Nas collecções da Bibliotheca Nacional de Lisboa ha bastantes canções populares, desde 1820 até hoje, mas em nenhuma das mais antigas se encontra a designação de Fado.

Intitulam-se «cantigas, romances, modas ou modinhas, etc.»

O Diccionario erudito de Padre João Pacheco (1734-38) traz todas as designações de musicas, canções e danças do seu tempo, mas não menciona os Fados.

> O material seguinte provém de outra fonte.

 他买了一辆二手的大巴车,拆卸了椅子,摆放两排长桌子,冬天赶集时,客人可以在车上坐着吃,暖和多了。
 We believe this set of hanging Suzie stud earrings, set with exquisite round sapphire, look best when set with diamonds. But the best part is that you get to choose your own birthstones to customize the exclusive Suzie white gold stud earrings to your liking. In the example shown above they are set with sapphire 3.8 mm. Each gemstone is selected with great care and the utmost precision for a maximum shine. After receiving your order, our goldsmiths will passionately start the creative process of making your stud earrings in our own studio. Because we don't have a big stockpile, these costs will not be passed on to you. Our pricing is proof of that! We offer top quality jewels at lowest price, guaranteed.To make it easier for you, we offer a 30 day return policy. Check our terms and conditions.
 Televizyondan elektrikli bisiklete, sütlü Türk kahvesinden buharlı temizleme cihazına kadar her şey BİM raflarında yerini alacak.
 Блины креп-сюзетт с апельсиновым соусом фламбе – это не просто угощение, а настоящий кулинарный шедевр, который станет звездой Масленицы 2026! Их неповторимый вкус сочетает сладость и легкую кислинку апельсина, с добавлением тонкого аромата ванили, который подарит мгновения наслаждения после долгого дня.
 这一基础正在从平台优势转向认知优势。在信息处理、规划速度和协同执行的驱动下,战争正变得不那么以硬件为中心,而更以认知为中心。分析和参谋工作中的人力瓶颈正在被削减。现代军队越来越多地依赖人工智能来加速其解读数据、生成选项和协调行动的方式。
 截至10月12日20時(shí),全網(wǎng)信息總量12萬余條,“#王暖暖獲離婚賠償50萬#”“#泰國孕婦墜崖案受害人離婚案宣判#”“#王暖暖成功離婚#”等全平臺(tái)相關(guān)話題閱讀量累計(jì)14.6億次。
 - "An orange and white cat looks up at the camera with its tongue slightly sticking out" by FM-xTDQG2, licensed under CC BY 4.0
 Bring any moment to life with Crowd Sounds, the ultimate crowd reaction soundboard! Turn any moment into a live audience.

Nas Infermidades da lingua, e arte que a ensina a emmudecer para melhorar, composta pelo dr. Manuel Joseph de Paiva e publicada em 1760, vem arrolado grande numero de palavras e phrases, que o auctor, com excessivo e ás vezes injustificavel escrupulo, pretendia repellir da lingua portugueza, por as julgar indignas e improprias de um vocabulario grave.

Não apparece ahi a palavra Fadista; nem a palavra Fado no sentido de canção ou de vida dissoluta.

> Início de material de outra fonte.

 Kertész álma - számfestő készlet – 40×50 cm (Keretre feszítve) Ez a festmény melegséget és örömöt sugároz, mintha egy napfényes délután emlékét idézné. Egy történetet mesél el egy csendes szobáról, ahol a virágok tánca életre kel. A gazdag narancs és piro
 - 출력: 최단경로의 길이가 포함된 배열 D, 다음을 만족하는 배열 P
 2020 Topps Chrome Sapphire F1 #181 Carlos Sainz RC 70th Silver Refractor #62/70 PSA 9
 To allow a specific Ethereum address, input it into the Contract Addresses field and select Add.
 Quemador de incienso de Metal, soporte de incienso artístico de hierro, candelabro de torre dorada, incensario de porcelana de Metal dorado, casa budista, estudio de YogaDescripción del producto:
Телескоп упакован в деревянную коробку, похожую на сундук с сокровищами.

Mas vem mencionada a palavra banza que nós recebemos das nossas colonias africanas,[1] e que entrou na linguagem de calão d’onde passou para a litteratura humoristica, como se vê nas Poesias de Costa e Silva (1844):

Encostado ás meias portas

Na Banza sarrafaçava.

No fim do seculo XVIII a Gazeta de Lisboa annunciava, frequentes vezes, modinhas e minuetes, á venda nas lojas dos livreiros. Tambem annunciava sonatas de guitarra. Havia em 1792 um Jornal de modinhas, que se vendia na Real Fabrica e Impressão de Musica no Largo de Jesus, em Lisboa. O maestro Mr. Marchal, que então teve certa voga n’esta cidade, deu á estampa uma collecção de minuetes e rondós. Este mesmo maestro explorava a musica das ruas, glosava os pregões das vendedeiras (por exemplo, Azeitonas novas, com variações, peça composta sobre o pregão de uma vendedeira de Lisboa: Gazeta de 26 de fevereiro de 1793). Mas a designação Fado não apparece ainda em nenhum dos annuncios que recommendavam as musicas populares.